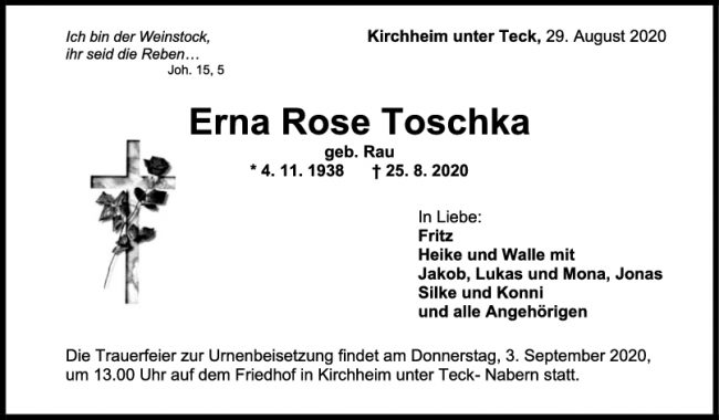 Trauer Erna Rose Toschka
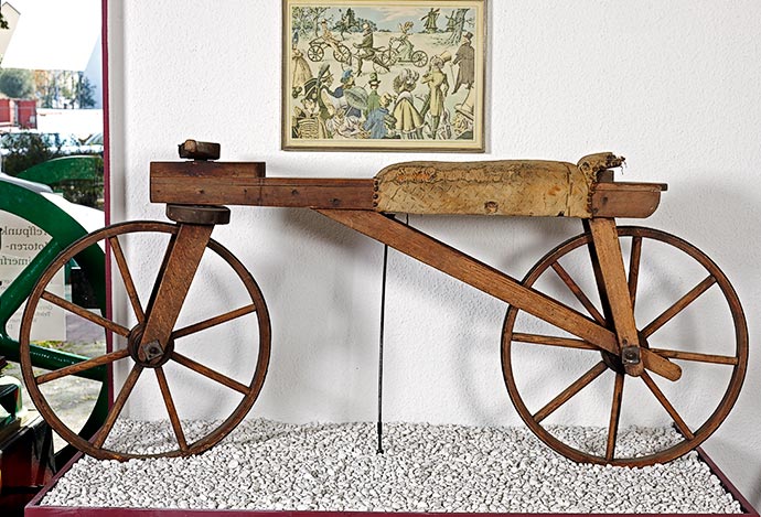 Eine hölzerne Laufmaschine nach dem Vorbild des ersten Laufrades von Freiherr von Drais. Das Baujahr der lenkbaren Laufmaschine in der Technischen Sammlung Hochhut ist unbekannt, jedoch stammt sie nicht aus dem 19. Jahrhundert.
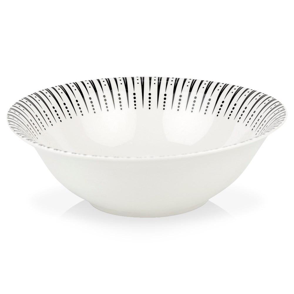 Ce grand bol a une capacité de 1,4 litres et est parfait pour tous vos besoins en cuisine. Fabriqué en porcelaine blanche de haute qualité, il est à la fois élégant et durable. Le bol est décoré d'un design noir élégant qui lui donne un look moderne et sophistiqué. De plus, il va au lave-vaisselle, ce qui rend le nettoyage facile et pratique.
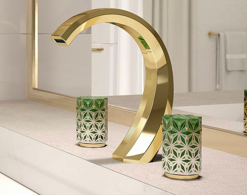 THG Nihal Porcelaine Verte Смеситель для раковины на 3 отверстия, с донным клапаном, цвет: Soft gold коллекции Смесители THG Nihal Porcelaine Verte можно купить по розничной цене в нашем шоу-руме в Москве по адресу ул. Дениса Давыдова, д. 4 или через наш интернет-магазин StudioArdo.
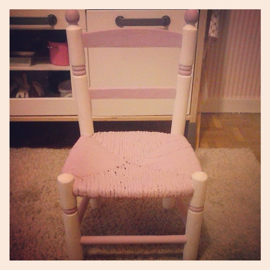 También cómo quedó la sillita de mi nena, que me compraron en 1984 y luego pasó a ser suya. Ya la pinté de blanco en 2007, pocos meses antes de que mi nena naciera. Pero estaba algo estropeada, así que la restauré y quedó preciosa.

********

→ **Your instructions**: In the copy, include no pictures; otherwise transcribe the entries exactly.

→ **Answer for this exercise**:
 Trauer Erna Rose Toschka
 Eine hölzerne Laufmaschine nach dem Vorbild des ersten Laufrades von Freiherr von Drais. Das Baujahr der lenkbaren Laufmaschine in der Technischen Sammlung Hochhut ist unbekannt, jedoch stammt sie nicht aus dem 19. Jahrhundert.
 Ce grand bol a une capacité de 1,4 litres et est parfait pour tous vos besoins en cuisine. Fabriqué en porcelaine blanche de haute qualité, il est à la fois élégant et durable. Le bol est décoré d'un design noir élégant qui lui donne un look moderne et sophistiqué. De plus, il va au lave-vaisselle, ce qui rend le nettoyage facile et pratique.
 THG Nihal Porcelaine Verte Смеситель для раковины на 3 отверстия, с донным клапаном, цвет: Soft gold коллекции Смесители THG Nihal Porcelaine Verte можно купить по розничной цене в нашем шоу-руме в Москве по адресу ул. Дениса Давыдова, д. 4 или через наш интернет-магазин StudioArdo.
 También cómo quedó la sillita de mi nena, que me compraron en 1984 y luego pasó a ser suya. Ya la pinté de blanco en 2007, pocos meses antes de que mi nena naciera. Pero estaba algo estropeada, así que la restauré y quedó preciosa.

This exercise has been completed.